Water rose to where the refrigerator would have been.

I then tried to bring up the sofa but it wouldn’t fit the stairs. Our stairs is next to the window, and next to the window was the flood. At this point, I just broke down (did not cry though; more of lost the energy and will). I thought if the water was going to enter the window, then there was no point trying to save all the things—I should consider saving my own life.

I went up to the second floor and asked my mom and sister if they had any jewelry and cash here that I needed to secure. (My family was safe and dry at our Laguna home.) I also secured mine—the contents of the bag I bring to the office, plus a photograph of my and Mon’s pet in Pet Society (Their names are Barack and Michelle Obama, lol). Mon framed it and gave it as a gift.

I then thought of all the things that could possibly be washed away by the flood. Although painful, I was at that point in which they didn't matter and I was prepared to let them all go. The important thing was that I survive.

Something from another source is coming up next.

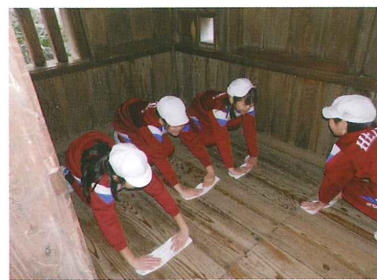
丸岡お天守びかびか運動 12月20日

平草小学校児童が丸岡城天守の拭き掃除を行いました。天守への誇りと愛着心を胸に、床や柱などを隅々まで磨き上げました。一般社団法人「丸岡城天守を国宝にする市民の会」の呼びかけで毎年行う協力事業です。この日は5年生69名が市民の会のメンバー10名と作業しました。児童は1階から3階の床を雑巾がけ。柱や窓際も丁寧に拭き上げました。拭き残しがないか目を配り、一時間の作業で汗ばむ児童もいました。

I washed myself at the stairs (a surreal occurrence, really), went to my bed and prayed hard. Prayed that the water won’t reach the second floor because then, I’d really have no way out, except by dismantling the windows and staying afloat (I had no way of getting up on the roof). I had electricity and so I tuned in to the radio, charged my phone, and sent out tweets. I texted friends and colleagues if they were OK. I also set up my cable and was able to watch the news until the cable service died.

I then received a text from Mon. He said, “Look out of your window.”

I did and he was there, my knight in shining raincoat and rubber boots. He waded through waist-deep waters to bring me food and keep me company.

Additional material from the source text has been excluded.